Dataset section:
★ ★ ★ ★

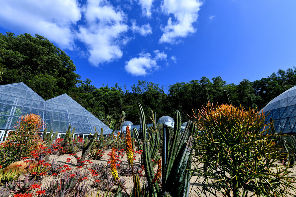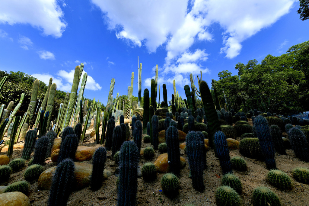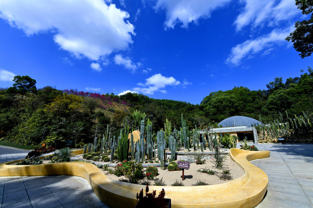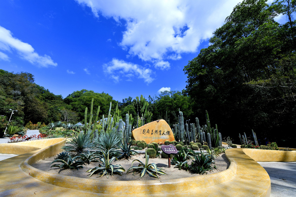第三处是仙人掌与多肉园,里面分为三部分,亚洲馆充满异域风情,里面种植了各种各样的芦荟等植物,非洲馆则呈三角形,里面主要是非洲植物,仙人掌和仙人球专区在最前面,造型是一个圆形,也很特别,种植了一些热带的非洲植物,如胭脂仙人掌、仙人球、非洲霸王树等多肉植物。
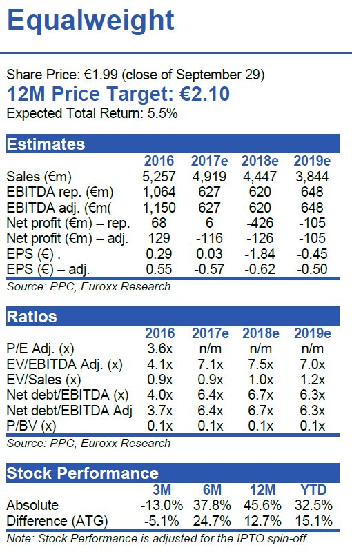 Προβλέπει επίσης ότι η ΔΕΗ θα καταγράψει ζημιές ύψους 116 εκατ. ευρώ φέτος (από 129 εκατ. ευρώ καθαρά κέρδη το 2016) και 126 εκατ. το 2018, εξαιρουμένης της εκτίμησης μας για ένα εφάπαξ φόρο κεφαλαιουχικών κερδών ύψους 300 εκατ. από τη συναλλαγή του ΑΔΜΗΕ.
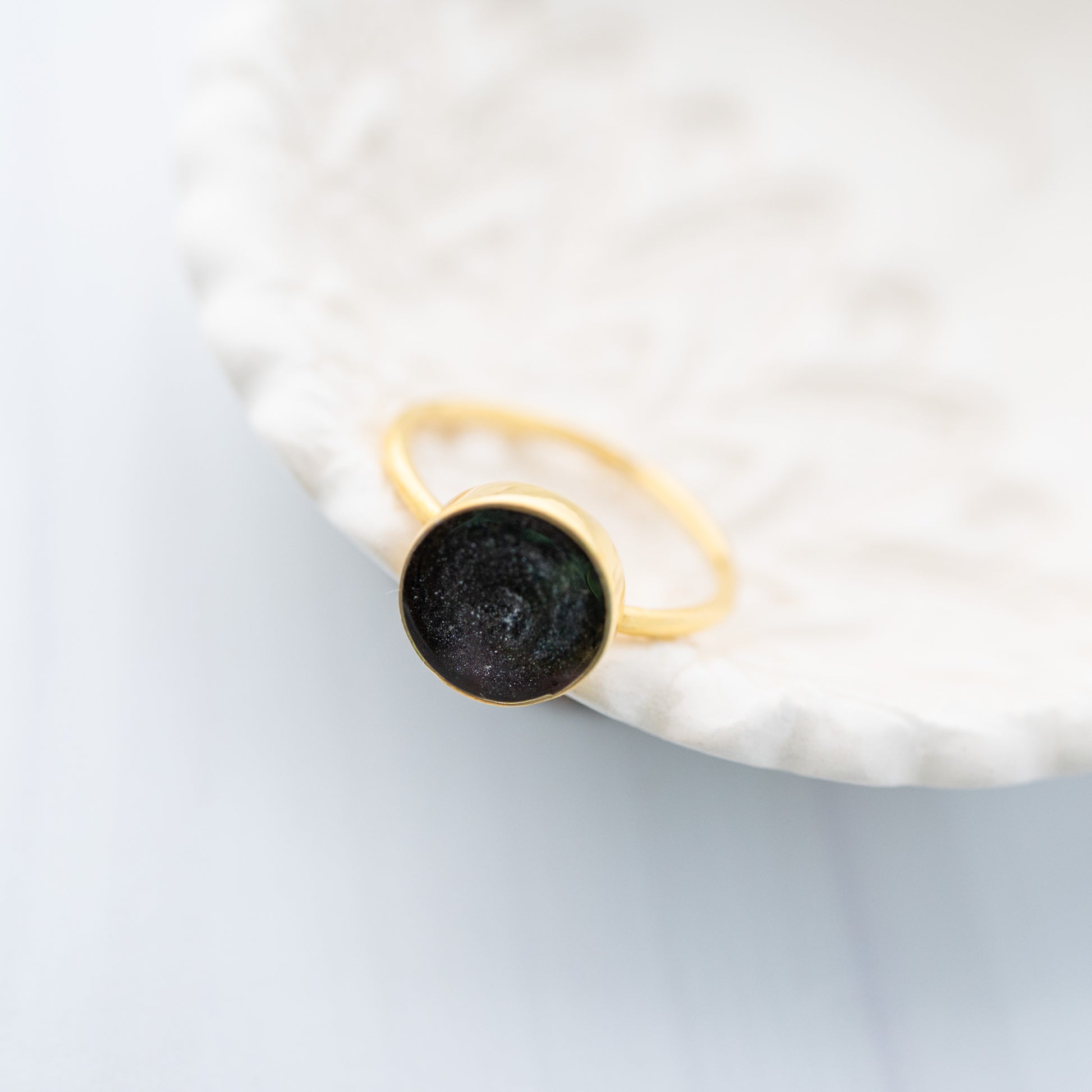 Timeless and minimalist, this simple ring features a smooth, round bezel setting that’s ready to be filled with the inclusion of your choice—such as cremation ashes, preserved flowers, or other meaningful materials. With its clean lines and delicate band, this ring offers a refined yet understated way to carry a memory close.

★ ★ ★ ★

Try it:
After removing the pictures, restate the whole listing above word for word.

Completed task:
第三处是仙人掌与多肉园,里面分为三部分,亚洲馆充满异域风情,里面种植了各种各样的芦荟等植物,非洲馆则呈三角形,里面主要是非洲植物,仙人掌和仙人球专区在最前面,造型是一个圆形,也很特别,种植了一些热带的非洲植物,如胭脂仙人掌、仙人球、非洲霸王树等多肉植物。
 Προβλέπει επίσης ότι η ΔΕΗ θα καταγράψει ζημιές ύψους 116 εκατ. ευρώ φέτος (από 129 εκατ. ευρώ καθαρά κέρδη το 2016) και 126 εκατ. το 2018, εξαιρουμένης της εκτίμησης μας για ένα εφάπαξ φόρο κεφαλαιουχικών κερδών ύψους 300 εκατ. από τη συναλλαγή του ΑΔΜΗΕ.
 Timeless and minimalist, this simple ring features a smooth, round bezel setting that’s ready to be filled with the inclusion of your choice—such as cremation ashes, preserved flowers, or other meaningful materials. With its clean lines and delicate band, this ring offers a refined yet understated way to carry a memory close.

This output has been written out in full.